Ни ее сарказм, ни ее острая ремарка не ускользнули от меня. Неравенство между полами так же нелепо, как и неравенство между расами. Как бы мне ни хотелось подробно обсудить и то и другое, у меня есть более насущная проблема.

– Но ты была поблизости, верно, Джиана?

В ее глазах и в голосе настороженность.

– Да…

– В школе рассказывали, что племена снабдили своих птиц железными когтями и клювами, чтобы превратить в оружие.

Никто не произносит ни слова.

– Была ли какая-нибудь из птиц полностью закована в железо?

Энтони хмурится, кривя губы.

– Закована?

– Доспехи, – поясняю я. – Полностью в доспехах.

– Доспехи для птиц? – Маттиа опирается руками, покрытыми светлыми густыми волосками, на круглый деревянный стол – клянусь, этот мужчина наполовину кабан.

Риччио ухмыляется:

– Я-то думал, единственное, что ты попробовала в Раксе, – это слюна Энтони.

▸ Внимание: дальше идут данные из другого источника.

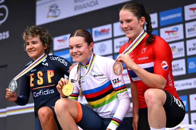 Championnats du Monde. La Néerlandaise Megan Arens titrée sur le contre-la-montre Juniors devant Paula Ostiz et Gissinger. ![]() Ce podium U19 | © UCI

Мои щеки покалывает от стыда.

– Оставь ее в покое, Риччио. И – нет. – Энтони наклоняет голову в разные стороны, шейные позвонки хрустят, как будто его тело сильно напряжено. – Только их клювы и когти были из железа.

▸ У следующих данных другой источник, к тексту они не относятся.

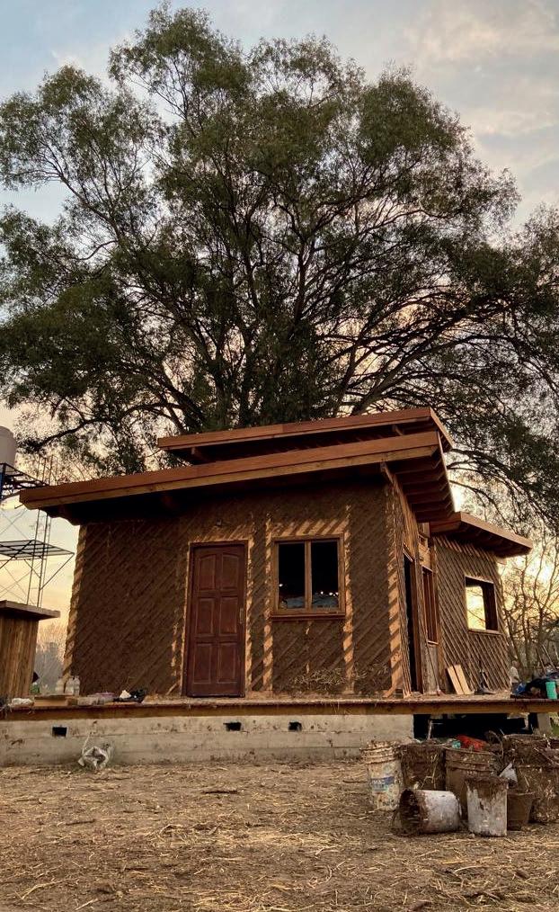 El sistema de quincha de fardos de cortadera fue desarrollado por el arquitecto Armando Gross, responsable del Taller de Bioconstrucción (TABI) de la UNC.

Могла ли Бронвен назвать их железными воронами? Или я должна найти статуи, сделанные в честь смертоносных птиц?

– Кто-нибудь из них выжил?

– Те, кто выжил, слетелись в Шаббе, – говорит Риччио.

Я вздрагиваю:

– Шаббе?

– Ну, знаешь… тот крошечный остров на юге, который наш дорогой и справедливый король возжелал завоевать и сделал все или почти все ради этого. – Я так понимаю, Риччио действительно не нравится Марко.

– Я знаю все об этом королевстве.

Он кладет руку на спинку стула и поворачивается ко мне лицом.

– Правда?

– Да. Правда. Я знаю, что они дикари, которые ненавидят фейри и используют людей в качестве рабов, что побудило короля Косту воздвигнуть защитные стены вокруг их острова, чтобы защитить от них Люче. Что ознаменовало триумфальное окончание Магнабеллума. Великую войну между Люче и Шаббе, которая велась пять столетий назад. Знаю, что они практикуют магию крови, которая окрашивает их глаза в розовый цвет. Я также знаю, что только женщины обладают силой.

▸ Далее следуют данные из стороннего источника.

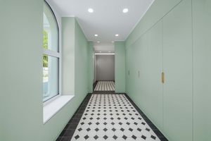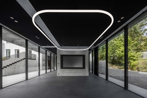 Elektrotechnikhersteller Jung hat den Wohnsitz von Firmengründer Albrecht Jung grundlegend saniert und in ein multifunktionales Begegnungszentrum verwandelt. Die 1928 erbaute Villa in Schalksmühle, wo sich auch die Unternehmens-zentrale von Jung befindet, liegt inmitten der bewaldeten Hügel des Sauerlands. Für das Bauvorhaben galt es, das historische, für die Firmengeschichte bedeutsame Gebäude gleichermaßen zu erhalten wie zu modernisieren. In dem ehemaligen Wohnhaus in Hanglage sind nun ein großzügiger Konferenzbereich, mehrere Büros und zwei Apartments untergebracht. Zugleich erweitert ein Neubau den Bestand um einen rechteckigen, länglichen Pavillon der direkt in den Hang hineingebaut wurde. Helle Holzböden und ein auf die Raumfarben abgestimmtes Mobiliar prägen die lichten Innenräume. Eine skulpturale, mehrfach geschwungene Stahltreppe dient als Bindeglied zwischen der Villa und dem Pavillon. In enger Zusammenarbeit mit den Architekten wurde ein ganzheitliches Lichtkonzept entwickelt, bei dem eine effiziente Allgemeinbeleuchtung mit Bereichen einhergeht, in denen gezielte Lichtakzente gesetzt werden. Als Grundlicht dienen dabei die Strahler Everything 80, die rahmenlos und in die Decke eingespachtelt wurden. Das Lichtsystem Alphabet of Light, das von der Bjarke Ingels Group entworfen wurde, akzentuiert die Aufenthalts- und Repräsentationsbereiche. Dieses besteht aus Grundelementen, die durch Verbindungstücke schattenfrei verbunden werden und in der Villa große, längliche Ovale bilden. In den Fluren leuchtet das LED-Band Dedalo die Deckenausbuchtungen aus, während an den Wänden Aede für optische Akzente sorgt, wobei die Würfel, deren Licht sanft nach unten fließt, im selben Farbton wie die jeweiligen Wände gehalten wurden. Im angrenzenden Treppenbereich sorgt Alphabet of Light Linear in Sonderlänge für das richtige Licht. Zudem sind im Neubau drei der Unterlinden Pendelleuchten von Herzog & de Meuron über einem Tresen angebracht. Ihre spitz geformten, bronzefarbenen Schirme brechen die grau-schwarze Farbpalette und geometrische Strenge der Umgebung, harmonieren dabei jedoch mit der gebürsteten Holzstruktur der Möbel. Der natürlicher Oxidationsprozess der Pendelleuchten wird durch eine transparente Lackierung unterbrochen und macht so jede Leuchte zu einem Unikat. Sämtliche verwendeten Artemide-Leuchten sind ein wichtiger Baustein für das Nachhaltigkeitskonzept des Gebäudes. So hat Artemide für Alphabet of Light eine EPD (Environmental Product Declaration) erstellt, die einen transparenten Einblick in die Umweltauswirkungen des Lichtsystems bietet. Die Umweltdeklaration umfasst dabei den gesamten Lebenszyklus von der Rohstoffgewinnung bis zur Entsorgung.

Я обмакиваю палец в вино и провожу им по ободку своего бокала.

– Я не знала, что вороны слетелись к их берегам. – Тихий гул поднимается от стекла и пронизывает зловещую тишину. – Я понимаю, что оставаться в Люче они не могли, но почему не перебрались на восток, в Неббу? Я слышала, там невероятные леса и горы.

– Вороны отправились в Шаббе, потому что шаббины почитают животных. – Серые глаза Джианы отливали серебром в свете масляной лампы.

Мой палец застывает на середине круга. Ее откровение не заставляет меня внезапно почувствовать родство с ними, но оно заставляет усомниться в их варварстве.

Стул Риччио скрипит, когда он откидывается на него. Он вертит в руках бокал с вином, заставляя пузыриться сладкий напиток.

– Почему такой интерес к воронам?

Я вытираю мокрый палец о юбку.

– Потому что я была впервые в Раксе, и я помню, что кое-кто из людей помогал горному племени, – говорю я. – И вот я задумалась о Приманиви.

Риччио медленно кивает.

– Все те, кто помогал нападавшим, Фэллон… они пошли на дно вместе с племенем. Буквально.

– В смысле?

Маттиа постукивает костяшками пальцев по исцарапанной столешнице:

– После Приманиви Марко заманил несогласных на галеон, который потопил у южного побережья Люче, на кладбище лодок.

Мое сердце стучит так, что кажется, сейчас пробьет косточки корсета.

– Кладбище лодок?

Риччио наблюдает, как Джиана наполняет его бокал, и все же кажется, что он за много миль отсюда, плывет по течению Марелюче.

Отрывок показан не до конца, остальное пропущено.